# What is needed
Take the entries below and reproduce exactly the portion that begins at the line containing "STEP9: 使用高光笔点上" and ends at the line containing "de sa fenêtre.", keeping both ends, dropping pictures, and adding nothing else.

(Stored dataset items)
******
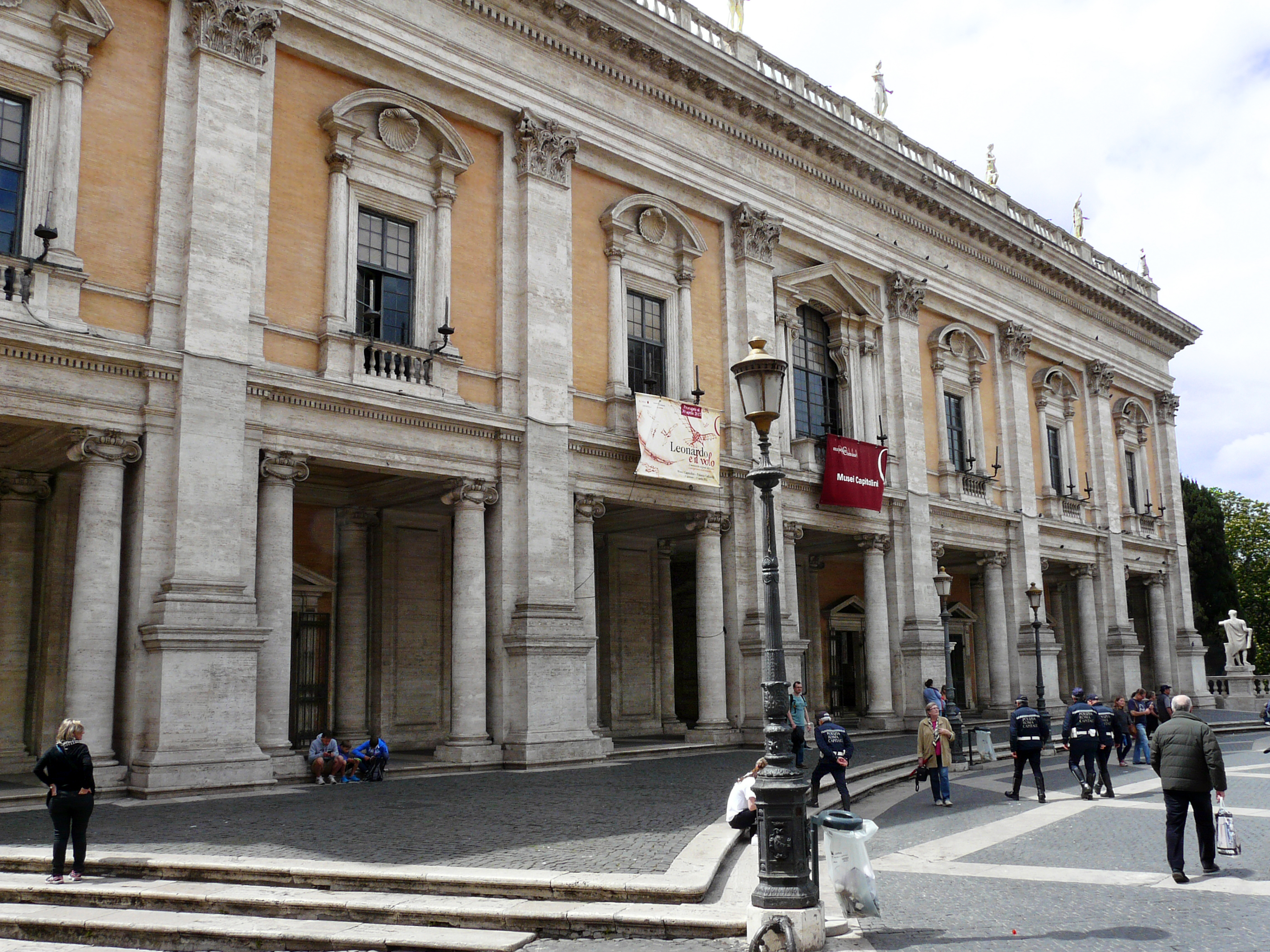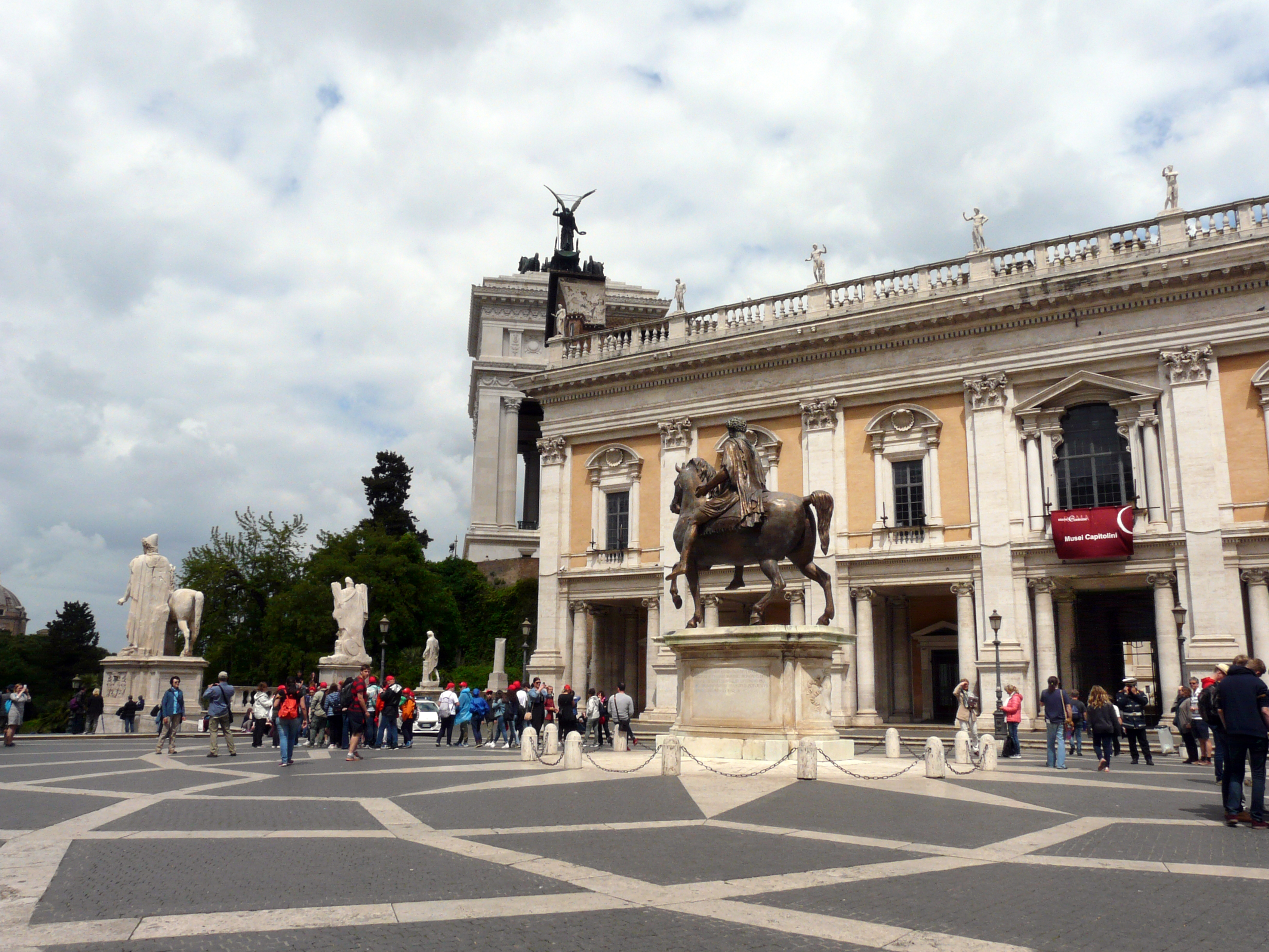 Также Микеланджело является автором проекта Кордонаты и балюстрады; в центре площади он установил конную статую Марка Аврелия (в настоящее время её оригинал находится в Капитолийских музеях).
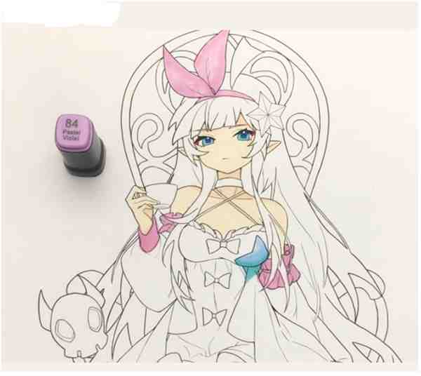 STEP9: 使用高光笔点上高光、刻画一下衣服上的小细节就完成啦,最后欣赏一下成图吧!
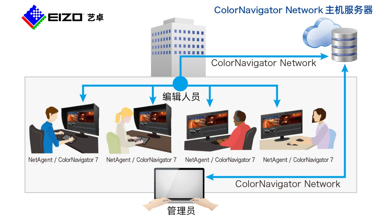 colornavigator network可为安装colornavigator 7 或colornavigator nx的coloredge显示器提供集中式质量控制。管理员可以设置色彩模式、计划自校准、激活按键锁定以防止意外更改色彩设置、注册或调整资产管理设置、导入/导出显示器设置。无论所有显示器是否位于统一地点,都可以统一进行色彩管理。
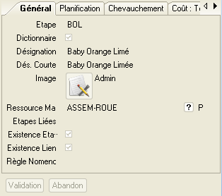 Pour chaque étape du dictionnaire des étapes, on a associé un certain nombre d’informations comme par exemple la durée de l'étape, le temps de préparation.. ces données peuvent être surchargées dans les RGG si on le souhaite !
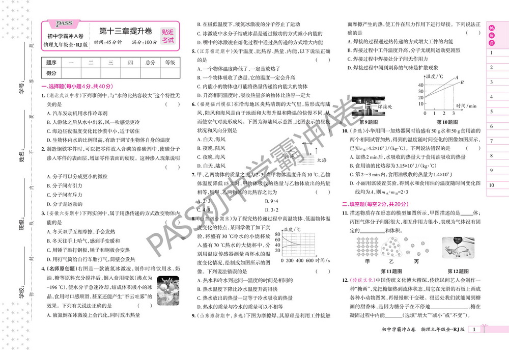 人教版九年级上册物理第十三章测试卷九
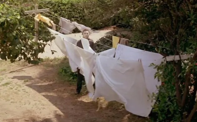 → 15h00 : Juste après la mauvais blague d’Annie au téléphone, Laurie voit Myers au pied de sa fenêtre.
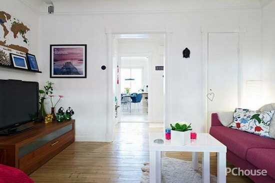 很舒适的沙发,布艺制作,而绘画着花草图案的抱枕则起到了画龙点睛的功效,让人不禁眼前一亮。而客厅虽然狭小,但是却罗列整齐,倒也并不显得拥挤。
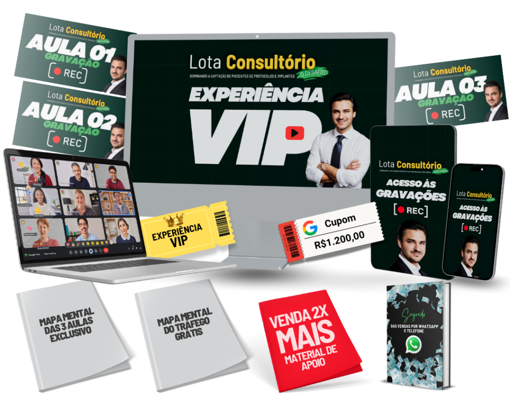 - Treinamento ao Vivo de 3 Dias sobre como lotar seu consultório, com as ferramentas mais modernas, com acesso exclusivo via Google Meet
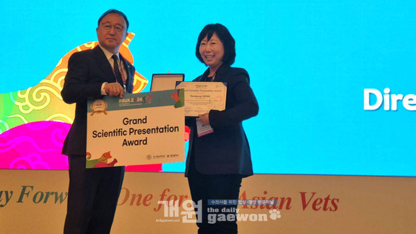 홍연정(웨스턴동물의료센터) 원장이 ‘제23차 아시아·태평양수의사대회(대회장 허주형, 이하 FAVA 2024)’에서 ‘학술발표대상(Grand Scientific Presentation Award)’을 수상했다.
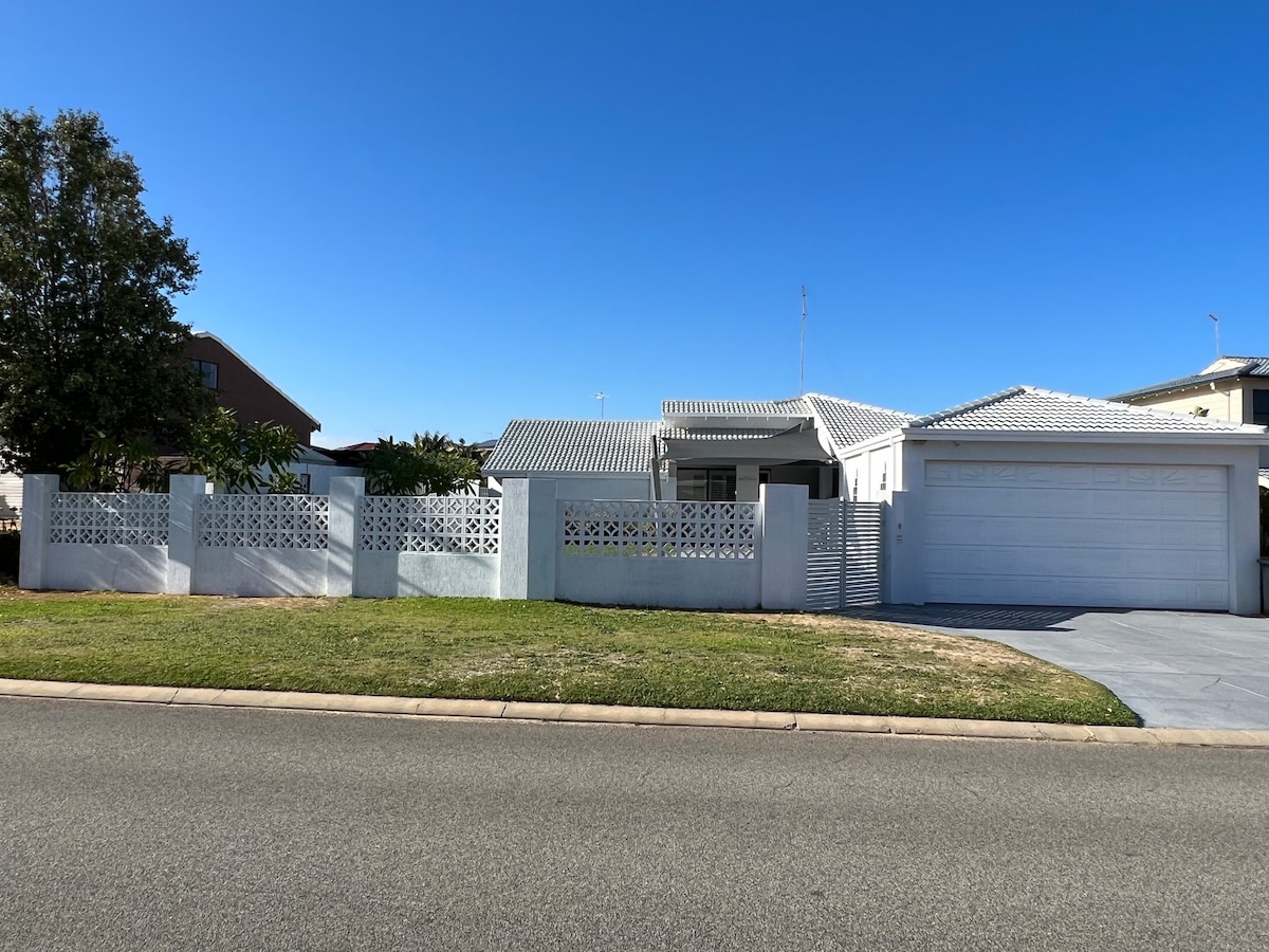 Retiro de golfistas o escapada a la playa: ¡puedes disfrutar de ambos! Esta casa de 3 dormitorios y 2 baños tiene capacidad para 6 personas y es perfecta para tus vacaciones en Mandurah. Aire acondicionado de ciclo inverso en el comedor/sala de estar y dormitorios. Dos dormitorios tienen camas tamaño queen, ambas con armarios empotrados y ventiladores de techo, mientras que el tercer dormitorio tiene una cama nido de tamaño individual, además de un escritorio. Hay una cuna portátil con ropa de cama que se puede montar, además de una silla alta y un cochecito si es necesario. Se proporcionan sábanas de cama de calidad, almohadas, edredones, toallas de baño y playa.
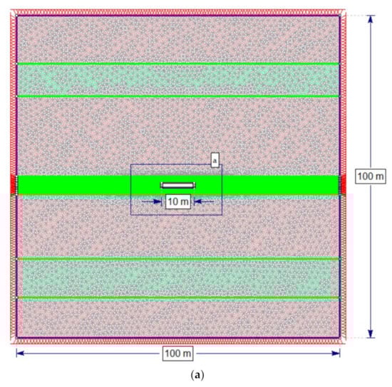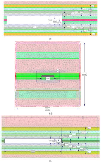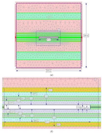 The main goal of numerical modeling was to determine the extent of the rock destruction zone around the gasification channel. For this purpose, RS2 [31] software was used, which is based on the finite element method. For the evaluation of the damage zones, the strength factor was selected, expressing the ratio of the rock strength to the reduced stresses at a given point. Strength factor values below 1 indicate material failure. The modeling adopted the Hoek–Brown criterion, which links the compressive strength and material constants determined using RocData software [31]. The results obtained from the laboratory tests were used in numerical simulations. A square target with a side length of 100 m was adopted in the modeling. In numerical modeling, it was assumed that the horizontal and vertical stresses are equal to each other: σ1 = σ3 = σz = 23.3 MPa. The adoption of such a value resulted from the depth of the hard coal deposit and the unit weight of the overburdened rocks. The size of the model was selected so that for the largest width of the gasification channel, equal to 30 m, the extent of rock destruction could be recorded. The models adopted a graded mesh and six-noded triangles with a gradation factor equal to 0.1. The number of nodes on all excavations was equal to 110. The models were restrained on all sides. As most of the claystone samples were destroyed under the influence of the temperature of 300 °C (Figure 3), the modeling assumed that the height of the gasification channel was 1.5 m. This height consisted of the thickness of the coal seam equal to 0.4 m and the total destruction of claystone rocks in the roof and the floor with a total thickness of 1.1 m (Figure 1). In the numerical simulations, three widths of the gasification channel, 10, 20 and 30 m (Figure 11a–c), were adopted. In addition, three ranges, 0.5, 1.0 and 1.5 m (Figure 11d–f), for the effects of high temperatures both in the roof and floor of the coal seam were modeled. The test results are shown in Figure 12, Figure 13, Figure 14, Figure 15, Figure 16 and Figure 17 and Table 2.
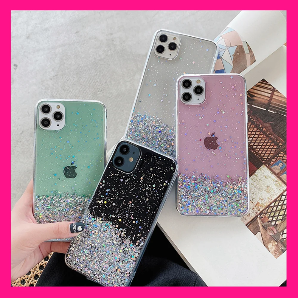 Glitter Phone Case For iPhone SE 2020 11Pro Xs MAX XR X 7 8 Plus Luxury Star Bling Glow Color Transparent Shockproof Epoxy Cover
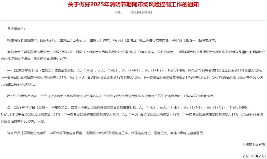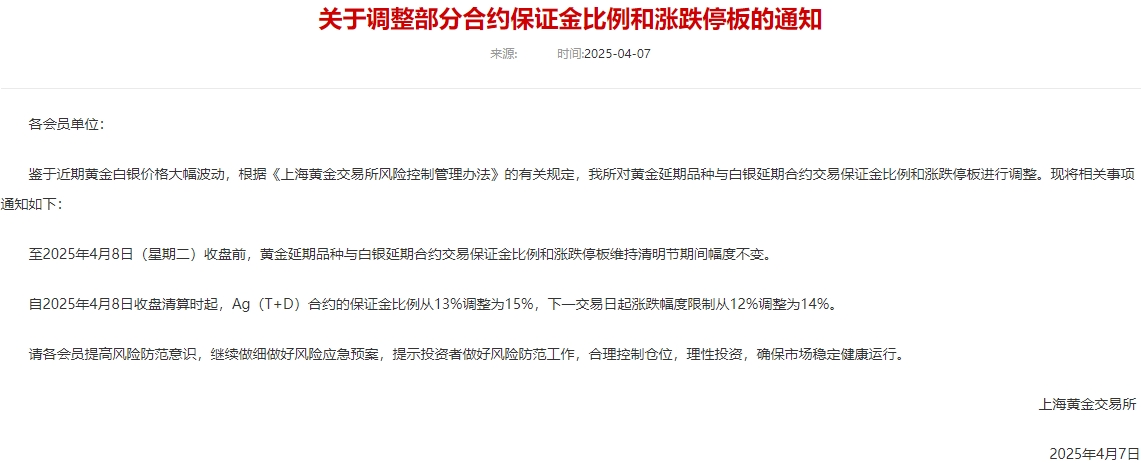 清明节期间,上海黄金交易所把黄金多个延期交收合约的保证金比例从11%上调到12%,把白银延期交收合约的保证金比例从12%调整为13%,节后又进一步把白银延期交收合约的保证金比例上调到15%。
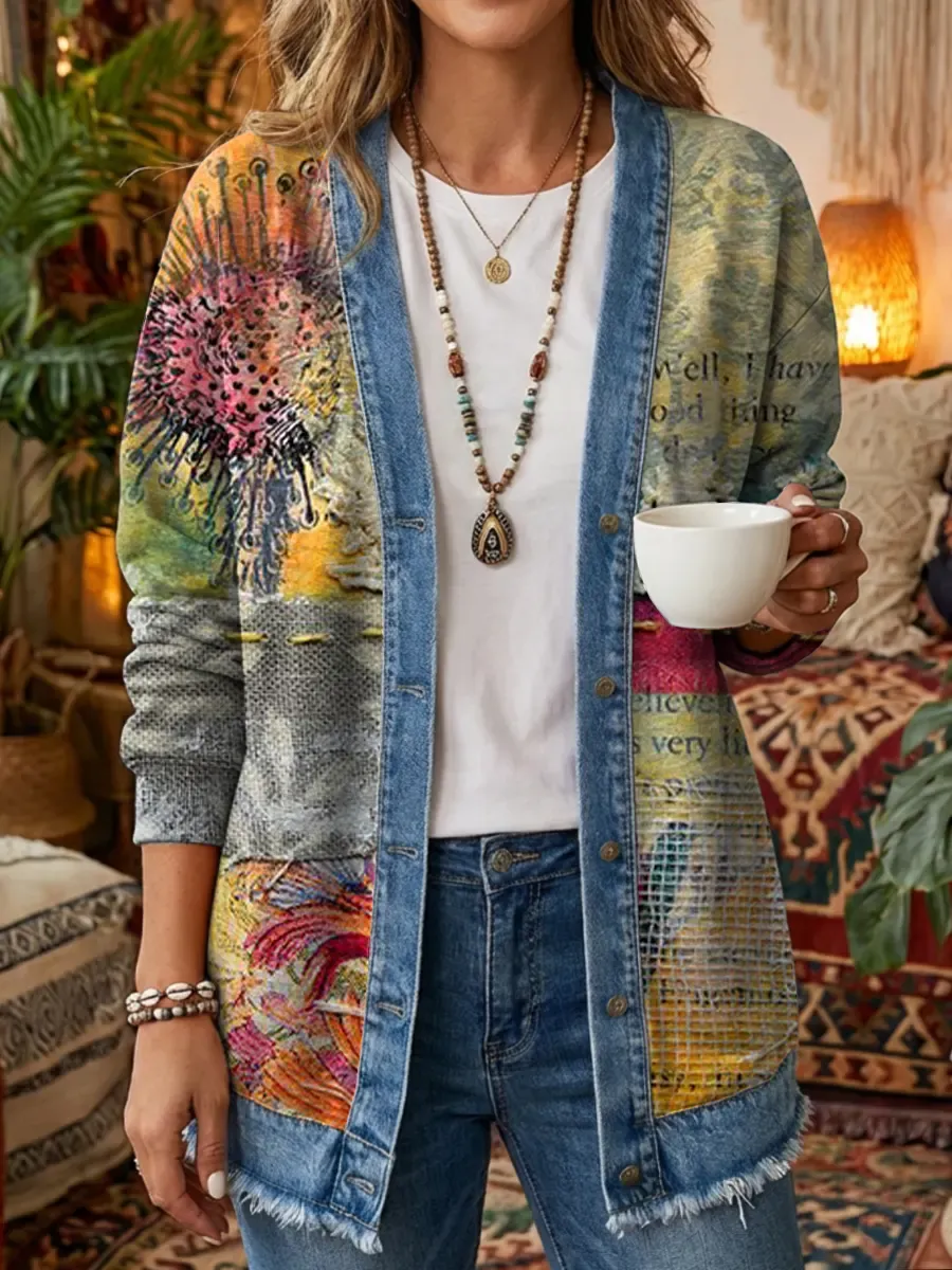 Women's Vintage Pattern Patchwork Art Print Casual Long-sleeved Shirt/jacket
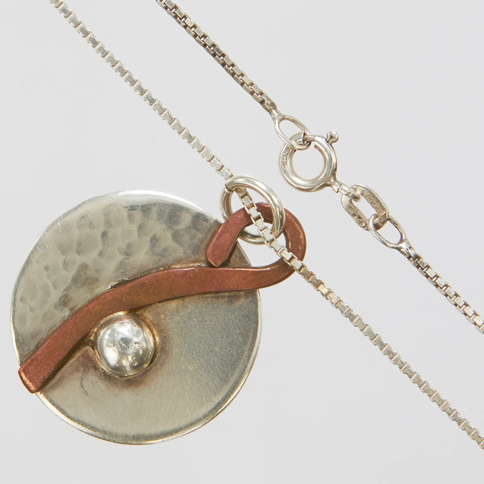 Silverkedja/hänge, venezia, längd: 71cm, bredd: 1mm, hänge med koppardetalj, 36,7x25,6mm, 925/1000 Silver Vikt: 11,9 g.
******
# Answer area
 STEP9: 使用高光笔点上高光、刻画一下衣服上的小细节就完成啦,最后欣赏一下成图吧!
 colornavigator network可为安装colornavigator 7 或colornavigator nx的coloredge显示器提供集中式质量控制。管理员可以设置色彩模式、计划自校准、激活按键锁定以防止意外更改色彩设置、注册或调整资产管理设置、导入/导出显示器设置。无论所有显示器是否位于统一地点,都可以统一进行色彩管理。
 Pour chaque étape du dictionnaire des étapes, on a associé un certain nombre d’informations comme par exemple la durée de l'étape, le temps de préparation.. ces données peuvent être surchargées dans les RGG si on le souhaite !
 人教版九年级上册物理第十三章测试卷九
 → 15h00 : Juste après la mauvais blague d’Annie au téléphone, Laurie voit Myers au pied de sa fenêtre.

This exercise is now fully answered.